┌─ Dataset content

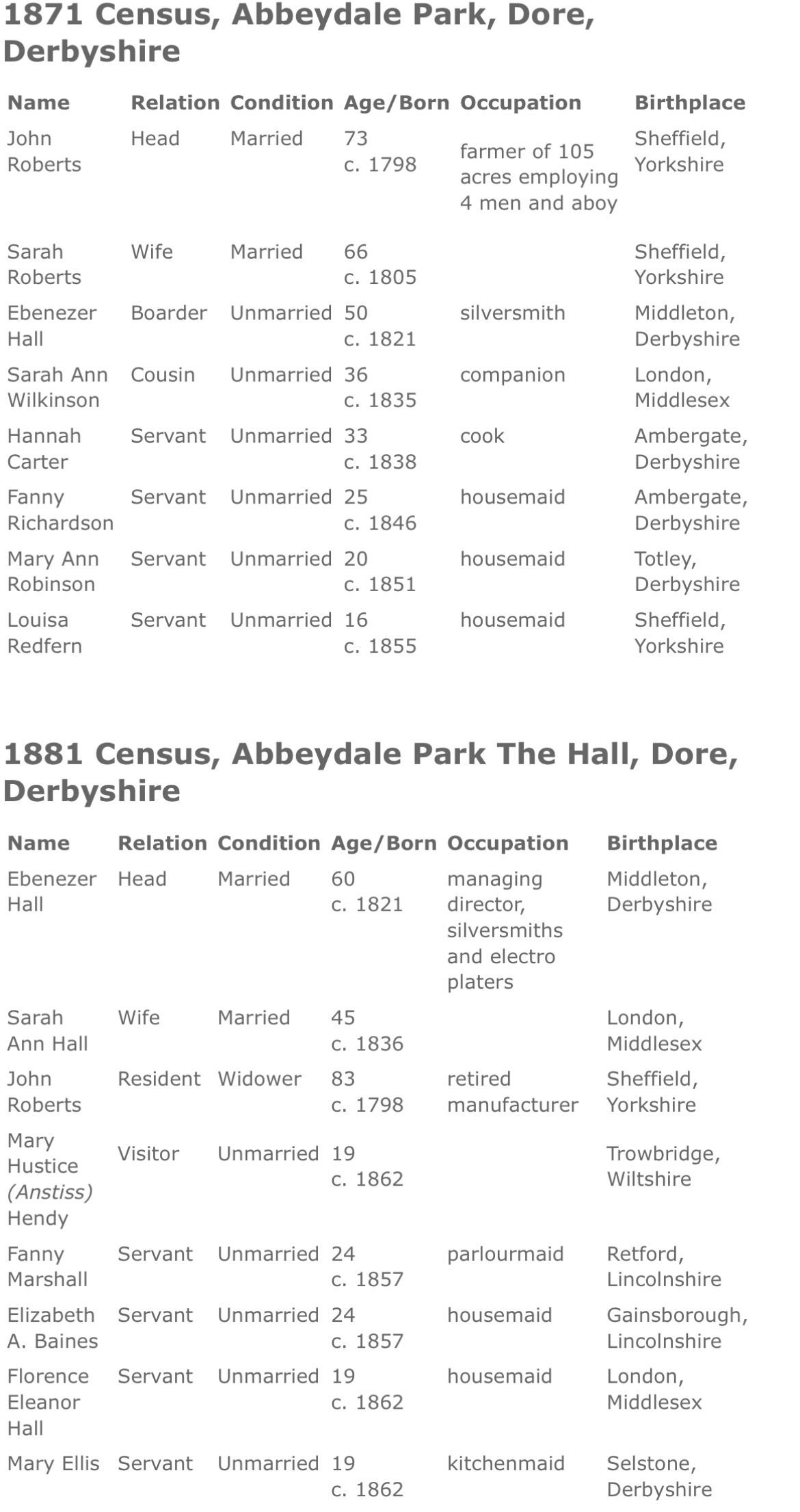John Roberts 10 July 1888. The Will of John Roberts late of Abbey Dale Park in the Parish of Dore in the County of Derby Gentleman who died 11 April 1888 at Abbey Dale Park was proved at Derby by Ebenezer Hall the Younger of Stafford-street Park in the Parish of Sheffield in the County of York Manager at Martin Hall and Company Limited and Peter Wragg of Sheffield Secretary of Martin Hall and Company Limited the Executors. Personal Estate £19,877 10s. 5d. Resworn August 1889 £19,479 3s. 11d.
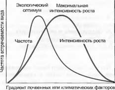 Рис. 12.1. Естественное произрастание и максимальная интенсивность роста изолированных индивидуумов одного вида растения вдоль градиентов внешней среды.
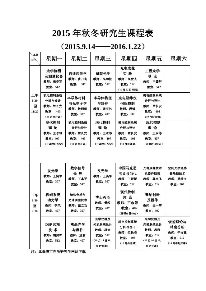 2015年秋冬研究生课程表 - 课程安排 - 网站管理系统.doc
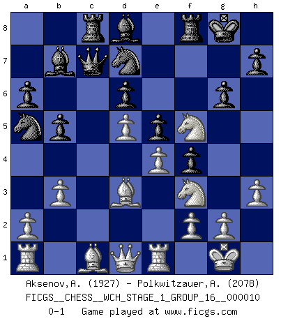 Last move : 0-1 2012 March 9 20:31:58 [Event "FICGS__CHESS__WCH_STAGE_1_GROUP_16__000010"] [Site "FICGS"] [Date "2012.01.01"] [Round "1"] [White "Aksenov,Aleksandr"] [Black "Polkwitzauer,Ardiantez"] [Result "0-1"] [WhiteElo "1927"] [BlackElo "2078"] 1.e4 e5 2.Nf3 Nc6 3.Bb5 a6 4.Ba4 Nf6 5.O-O Be7 6.Re1 b5 7.Bb3 d6 8.c3 O-O 9.h3 Na5 10.Bc2 c5 11.d4 Qc7 12.Nbd2 cxd4 13.cxd4 Bb7 14.d5 Rac8 15.Bd3 Nd7 16.Nf1 f5 17.Ng3 f4 18.Nf5 Bd8 19.b3 g6 0-1 This chess game has been lost on time (started : 2012.01.01 23:32:15) Ruy Lopez : Closed Kingside Castling by player White (move 5) Kingside Castling by player Black (move 8) Player Black won this chess game. Follow this game move after move (download)Of all my Russian books, the defense contains and diffuses the greatest 'warmth' which may seem odd seeing how supremely abstract Chess is supposed to be. (Vladimir Nabokov) Die Fehler sind da, Sie warten nur darauf gemacht zu werden. (Savielly Grigorievitsch Tartakower) Cuando estes solo, cuando te sientas un extraño en el mundo, juega al Ajedrez. Esto levantará tu espiritu y será tu consejero de guerra. (Aristóteles) Les Echecs mettent en conflit, non pas deux intelligences, mais deux volontés. (Lasker) The existence of forgetting has never been proved: We only know that some things don't come to mind when we want them. (Friedrich Nietzsche)

└─

- **Your instructions**
Exactly repeat the data above; the pictures do not belong in your copy.

- **The completed task**
John Roberts 10 July 1888. The Will of John Roberts late of Abbey Dale Park in the Parish of Dore in the County of Derby Gentleman who died 11 April 1888 at Abbey Dale Park was proved at Derby by Ebenezer Hall the Younger of Stafford-street Park in the Parish of Sheffield in the County of York Manager at Martin Hall and Company Limited and Peter Wragg of Sheffield Secretary of Martin Hall and Company Limited the Executors. Personal Estate £19,877 10s. 5d. Resworn August 1889 £19,479 3s. 11d.
 Рис. 12.1. Естественное произрастание и максимальная интенсивность роста изолированных индивидуумов одного вида растения вдоль градиентов внешней среды.
 2015年秋冬研究生课程表 - 课程安排 - 网站管理系统.doc
 Last move : 0-1 2012 March 9 20:31:58 [Event "FICGS__CHESS__WCH_STAGE_1_GROUP_16__000010"] [Site "FICGS"] [Date "2012.01.01"] [Round "1"] [White "Aksenov,Aleksandr"] [Black "Polkwitzauer,Ardiantez"] [Result "0-1"] [WhiteElo "1927"] [BlackElo "2078"] 1.e4 e5 2.Nf3 Nc6 3.Bb5 a6 4.Ba4 Nf6 5.O-O Be7 6.Re1 b5 7.Bb3 d6 8.c3 O-O 9.h3 Na5 10.Bc2 c5 11.d4 Qc7 12.Nbd2 cxd4 13.cxd4 Bb7 14.d5 Rac8 15.Bd3 Nd7 16.Nf1 f5 17.Ng3 f4 18.Nf5 Bd8 19.b3 g6 0-1 This chess game has been lost on time (started : 2012.01.01 23:32:15) Ruy Lopez : Closed Kingside Castling by player White (move 5) Kingside Castling by player Black (move 8) Player Black won this chess game. Follow this game move after move (download)Of all my Russian books, the defense contains and diffuses the greatest 'warmth' which may seem odd seeing how supremely abstract Chess is supposed to be. (Vladimir Nabokov) Die Fehler sind da, Sie warten nur darauf gemacht zu werden. (Savielly Grigorievitsch Tartakower) Cuando estes solo, cuando te sientas un extraño en el mundo, juega al Ajedrez. Esto levantará tu espiritu y será tu consejero de guerra. (Aristóteles) Les Echecs mettent en conflit, non pas deux intelligences, mais deux volontés. (Lasker) The existence of forgetting has never been proved: We only know that some things don't come to mind when we want them. (Friedrich Nietzsche)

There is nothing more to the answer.